Wednesday, July 17, 2013


So I just submitted a grant for the NSF CAREER.  I'm tired of writing.  Seriously tired.

Why am I writing some more?  Not sure, but I can say that writing on a blog is much easier.  Scientific writing can seem so mechanical ("In this aim, I will perform XYZ.  To perform X, I will use A to examine B.  This will tell me about C...").  Ugh.  Makes me want to hire a robot to write it for me.  But on the other hand, the best scientific writing is still an artisanal product.  It's like it's carved from a stone with a chisel over many months, with not a single word misplaced or misused, somehow weaving together often multiple strands of logic into a cohesive narrative.  The very very best scientific writing, in fact, is the stuff that makes you feel smarter while you're reading it, like when you're reading about one experiment and it's written so you think "wouldn't it be cool if they did XXX", and then you turn the page and it says "To test for that possibility, we performed XXX."  Man, that's awesome!  I'll get there one day.

It also occurs to me that my scientific writing suffers from the "first pancake" phenomenon–you know, when the first pancake never comes out quite right.  I think I just have to write the thing twice, almost from start to finish, before it's any good.  The first time, I just have to get the ideas out, and the very act of writing them down makes my thinking evolve.  So the beginning never quite matches the end. Rewriting is not fun (and certainly wasn't when Olivia told me my first draft sucked (very nicely and constructively, though!)), but the writing is much better for it.

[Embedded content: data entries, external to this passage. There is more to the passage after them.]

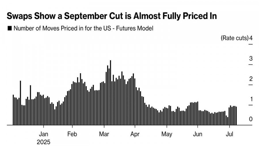 Деривативы уверены в снижении ставки по федеральным фондам на 25 б.п до 4,25% в сентябре и ожидают увидеть три акта монетарной экспансии до конца 2025. Главным препятствием на пути ФРС становится инфляция. Разгон базового индикатора с 2,9% до 3,1% и ставшие на якорь на отметке 2,7% потребительские цены являются веским аргументом в пользу сохранения паузы в цикле монетарной экспансии ФРС.
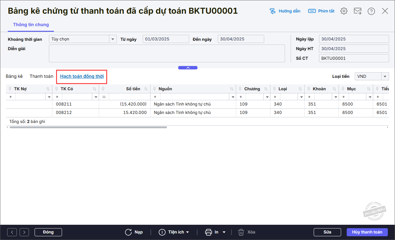 4. Hệ thống sinh chứng từ đồng thời tại tab Hạch toán đồng thời.
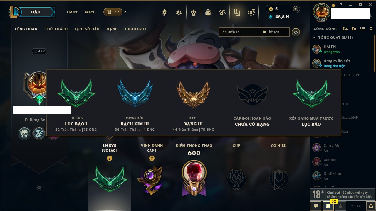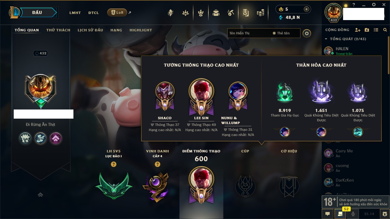Rank Đơn: Chưa RankKhung: Bạch kimTướng: 172 - Còn 81 THXTrang Phục: 226Rank ĐTCL: Chưa RankLinh Thú: 193
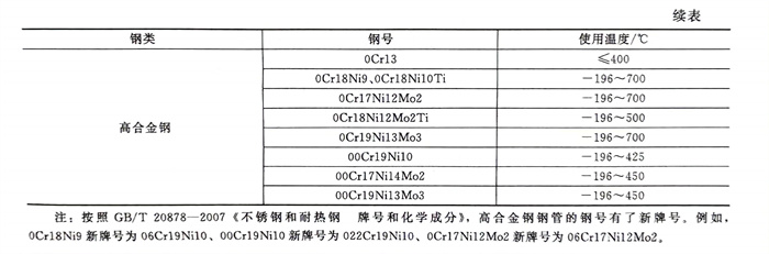 高(gao)溫介質用(yong)(yong)鋼(gang)有(you)Cr-Mo抗(kang)熱鋼(gang)(含0.5%~9%Cr,0.5%~1.0% Mo,最(zui)(zui)大(da)含0.20%C),最(zui)(zui)高(gao)用(yong)(yong)于650℃。低溫用(yong)(yong)鋼(gang):用(yong)(yong)于0~-195℃,常用(yong)(yong)鎳(nie)鋼(gang)。
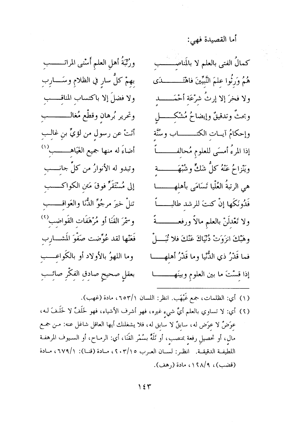 (¬٢) أي: لا تساوي بالعلم أيَّ شيءٍ غيره، فهو أشرف الأشياء، فهو خَلَفٌ لا خَلَفَ له، عِوَضٌ لا عِوَض له، سابِقٌ لا سابِق له، فلا يشغلنك أيها العاقل شاغل عنه: من جمع مالٍ، أو تحصيلِ رفعةٍ بمنصبٍ، أو تَلَهٍّ بسُمْر القَنَا، أي: الرماح، أو السيوف المرهفة اللطيفة الدقيقة. انظر: لسان العرب ١٥/ ٢٠٣، مادة (قنا): ١/ ٦٧٩، مادة (قضب)، ٩/ ١٢٨، مادة (رهف).
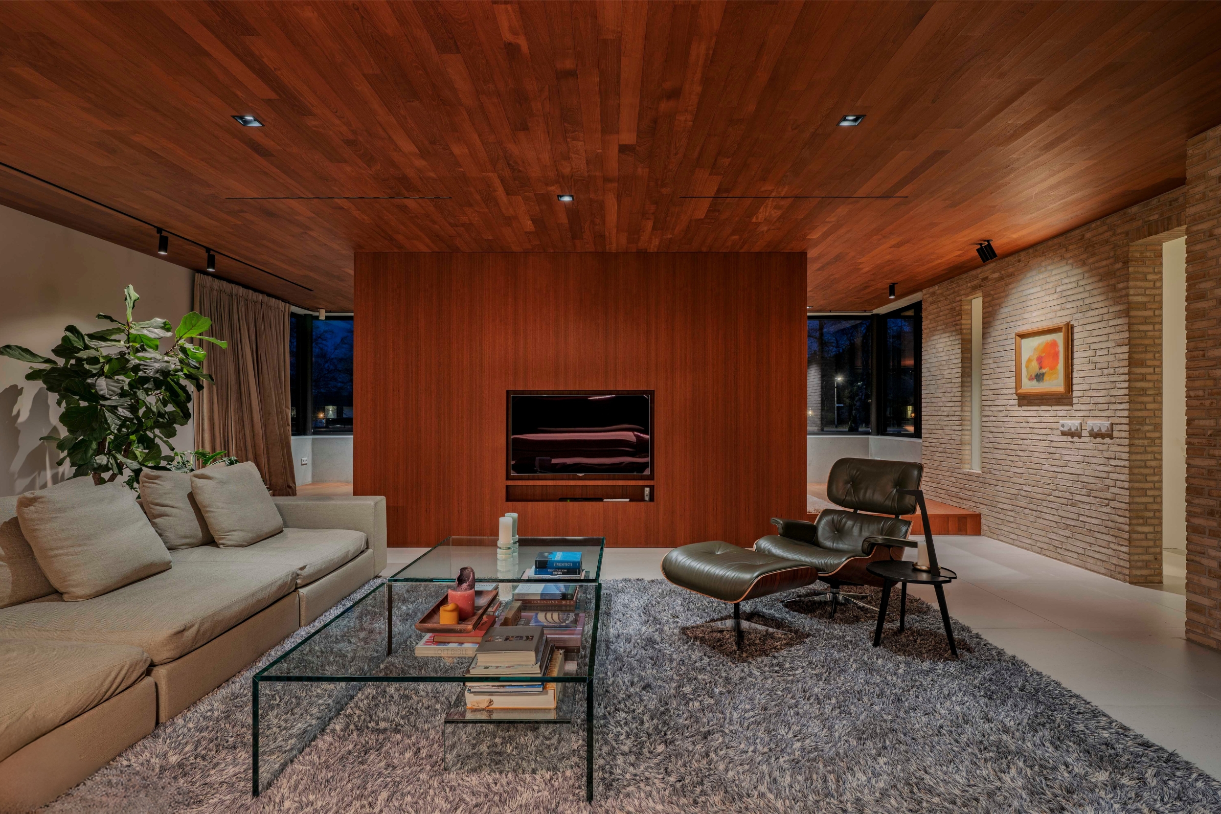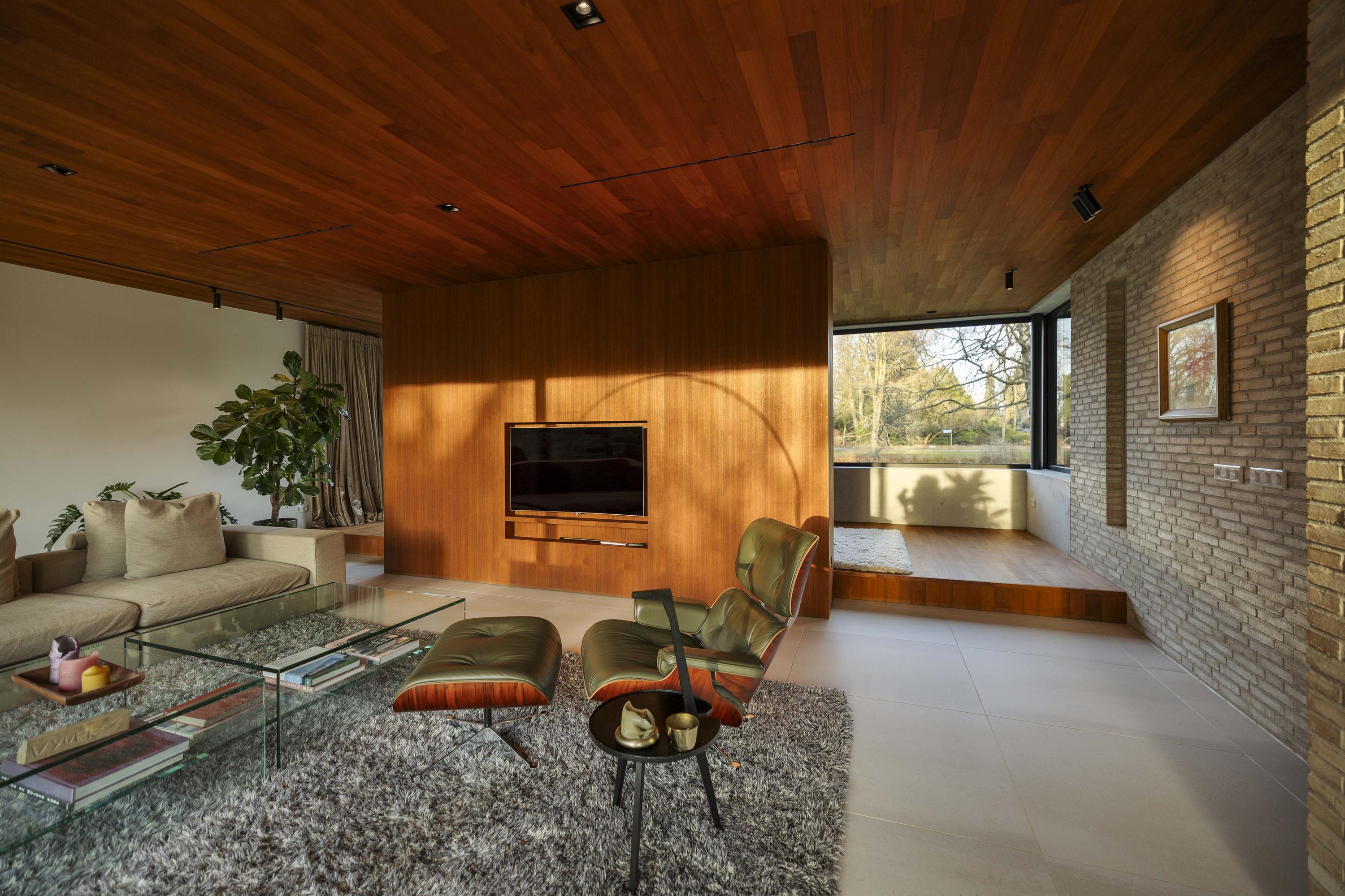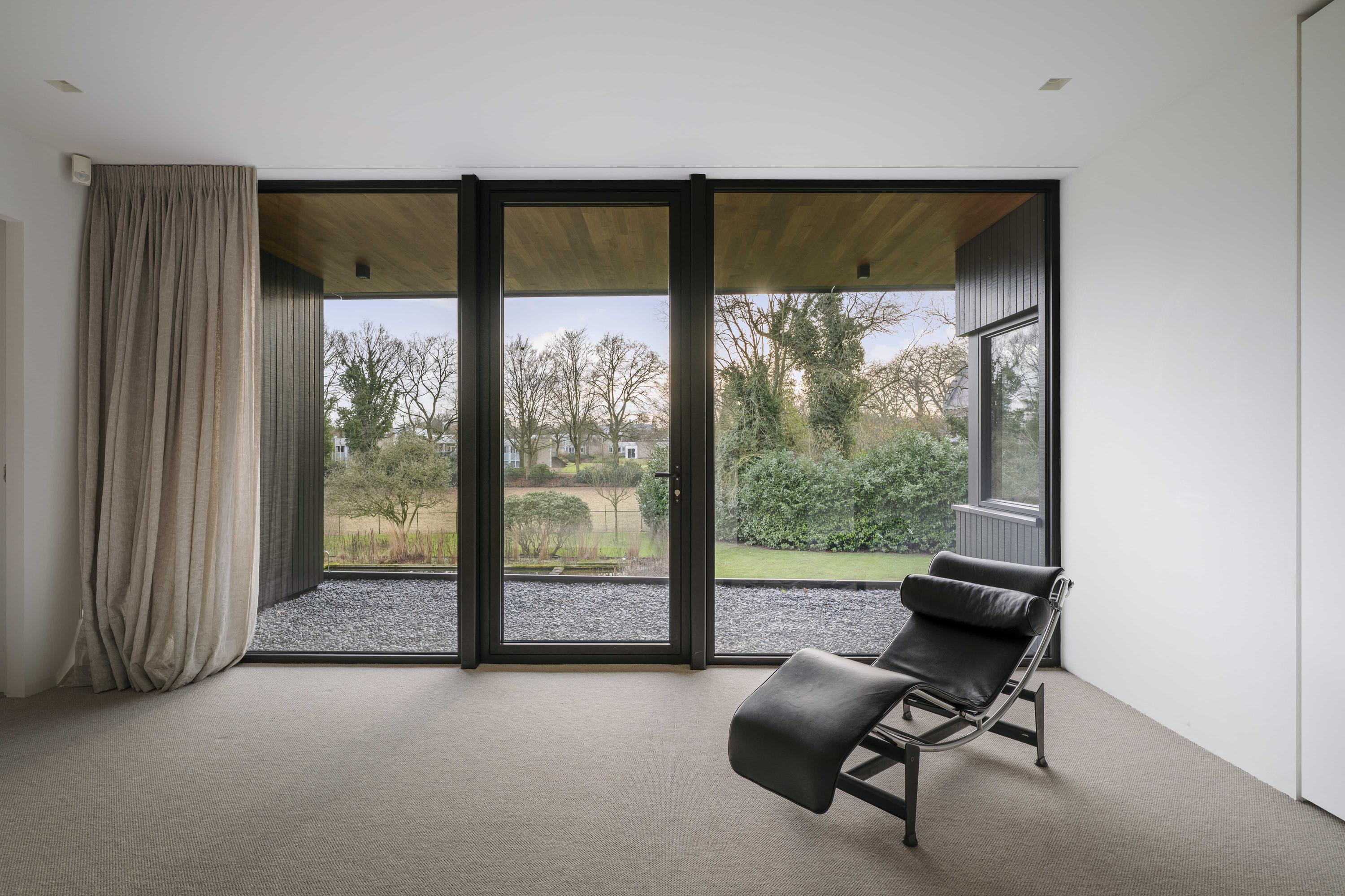 The living room (74 m²) is spacious and divided into two seating areas by a room divider with an integrated television and bookcase. At the rear, floor-to-ceiling windows offer views of the garden, while at the front, the ponds come into view, with sufficient privacy thanks to the half-height parapet. A wide Metalfire fireplace and a raised teak floor area at the front give the room extra character. The sophisticated lighting plan ensures that art and architectural lines are shown to their best advantage.

Anyway, whatever, I'm just happy to have submitted something mostly coherent.  The nice thing is that I feel like I really clarified my thoughts while writing this thing, which is a good thing, and I'm really excited about the work and about the educational/broader impacts thing we proposed.  But that's a subject for another blog post...

Wednesday, July 3, 2013

An essay about Marshall's iceFISH paper

Lenny Teytelman, being the awesome guy that he is, has set up what he calls an "anti-journal club" on PubChase.  The idea is that these are essays by the authors that describe some more personal aspect of the story behind their paper.  (Most journal clubs are just exercises in destroying a paper, which is much less fun over time.)  I wrote one about Marshall's iceFISH paper in Nature Methods.  I really like the concept!